A Reproducible Benchmark of Lightweight CNNs: Accuracy, Efficiency, and the Impact of Pretrained Initialization
arXiv:2505.03303v3 Announce Type: replace-cross Abstract: Lightweight convolutional neural networks are often compared using results obtained with different training recipes, input settings, and pretrained checkpoints. Such differences make architecture rankings difficult to interpret. This study...
The Reproducibility Crisis Hits Lightweight CNNs
A new preprint on arXiv tackles a persistent problem in applied deep learning: the lack of standardized benchmarking for lightweight convolutional neural networks (CNNs). The study systematically evaluates how different training recipes, input resolutions, and—crucially—pretrained initialization strategies distort architecture comparisons. By controlling these variables, the authors provide a cleaner ranking of models like MobileNetV3, EfficientNet-Lite, and ShuffleNetV2 across accuracy and efficiency metrics.
The core finding is unsurprising yet important: pretrained initialization dramatically alters performance rankings. A model that appears superior when trained from scratch may fall behind when fine-tuned from ImageNet weights, and vice versa. This is not a minor detail—it means many published comparisons are effectively comparing apples to oranges, because they implicitly assume initialization is a neutral factor.
Why This Matters for the Field
The lightweight CNN space has become a crowded marketplace of architectures, each claiming Pareto-optimal trade-offs between speed and accuracy. Yet practitioners routinely find that reproducing these claims is difficult. The problem is not malice but methodology: researchers optimize training hyperparameters for their own models, use different data augmentation pipelines, and rely on different pretrained checkpoints. The result is a fragmented evidence base where the "best" model depends more on the evaluation setup than on architectural merit.

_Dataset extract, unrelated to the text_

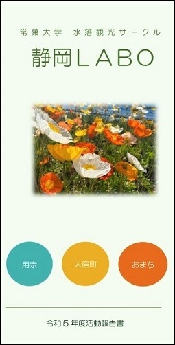 水落観光サークル(代表:山本瑠璃さん(法学部3年)・顧問:法学部 丸岡浩三教授)は、静岡県内の観光地への取材を行い、SNSやパンフレットを作成し情報発信を行っています。これまでパンフレット『静岡LABO』を2回発行し、学生に静岡の魅力を伝える活動を行っています。

This study matters because it quantifies the problem. By holding training recipes constant and varying only initialization, the authors show that pretrained weights can shift accuracy by 2-5% on ImageNet—enough to flip rankings entirely. For edge deployment, where every percentage point of accuracy is hard-won, this is not noise; it is systematic bias.
Implications for AI Practitioners
First, never trust a single benchmark. If a paper claims Model A outperforms Model B, check whether both were trained with identical protocols. The authors provide a reproducible framework that others can adopt, and practitioners should demand this level of rigor before selecting an architecture for production.
Second, pretrained initialization is a design choice, not a free lunch. Many teams default to ImageNet-pretrained weights without considering whether the target domain matches ImageNet's distribution. This study reinforces that initialization is a hyperparameter that should be tuned alongside learning rate and batch size.
Third, lightweight CNNs are not yet commoditized. The field still lacks a clear winner, and the best model for a given latency budget depends on the specific deployment constraints. The study's controlled benchmarks offer a more reliable starting point, but practitioners should still validate on their own data and hardware.
Key Takeaways
- Pretrained initialization can alter accuracy rankings by 2-5%, making many published comparisons unreliable.
- Standardized training recipes are essential for meaningful architecture comparisons; this study provides a reproducible baseline.
- Practitioners should treat initialization as a tunable hyperparameter, not a fixed default.
- No single lightweight CNN dominates across all efficiency-accuracy trade-offs; selection requires domain-specific validation.